Radiomics is well regarded as an essential imaging strategy in oncology [30–33], however, there are still various technical challenges. MVI typically presents in the tumor edge, making the peritumoral tissue the first susceptible tissue, and its vessels become the primary hematogenous path for portal vein tumor thrombosis and metastasis [34, 35], so the radiomics features of the peritumoral tissue must be effectively evaluated. To predict MVI or treatment response, numerous studies examined liver tissue from various areas around the HCC lesions [21–23]. In Chong et al. [21] study involving MRI-based multi-scale radiomics to predict the MVI status of HCC, the final Radiomics model was derived from the optimal multi-sequence fusion in the VOI_{tumor+10mm+liver} subgroup. Chen et al. [23] compared the tumoral and peritumoral radiomics features in different ROI ranges and revealed that the radiomics features extracted from tumoral and 10 mm peritumoral regions, obtained the best predictive efficacy in predicting the response of HCCs to the first trans-arterial chemoembolization treatment. In our study, the multi-VOI models that explored the peritumoral region revealed that the VOI_10mm subgroup outperformed the tumor-only and other subgroups, which was similar to the findings in HCC in Chong et al. and Chen et al. studies [21, 23]. It is worth mentioning that the simple radiomics model is usually unstable with abnormally high or low sensitivity or specificity, like our and Zhang’s studies [36]. However, the final combined model includes clinical, image, and radiomics factors and usually performs stable. This is why we extracted independent clinical and image predictors.

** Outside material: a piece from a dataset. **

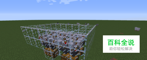 之后打碎玻璃 将箱子放在漏斗下面 用玻璃堆起两层高的围墙 然后可以扩大规模 在里面放鸡就行了

Eighteen independent radiomics features were extracted and selected from the best three sequences based on VOI_10mm (Supplemental Table S4), some features have been proved to be associated with tumor size (e.g., Maximum 2D Diameter Row), shape (e.g., Flatness), and texture heterogeneity (e.g., Gray-Level Non-Uniformity Normalized), which are essential for predicting MVI. Higher values of the Maximum 2D diameter Row represent larger tumor sizes. This corroborates with prior investigation that reported an association between tumor sizes and MVI risk [24]. Long Run Low Gray-Level Emphasis, Short Run Low Gray-Level Emphasis, and Gray-Level Non-Uniformity Normalized from GLRLM reflect the tumor heterogeneity in gray scales. Tumor heterogeneity may be caused by tumor cellularity, micronecrosis, and inflammation, which further facilitates the MVI process [37, 38]. In addition, wavelet features are strongly associated with survival, which can also quantify intratumoral heterogeneity [39]. In our study, most of the final independent radiomics features were wavelet features, which corroborated with Zhou’s study [19]. Wavelet features may be correlated with tumor morphology, pathophysiology, and proteomics [40].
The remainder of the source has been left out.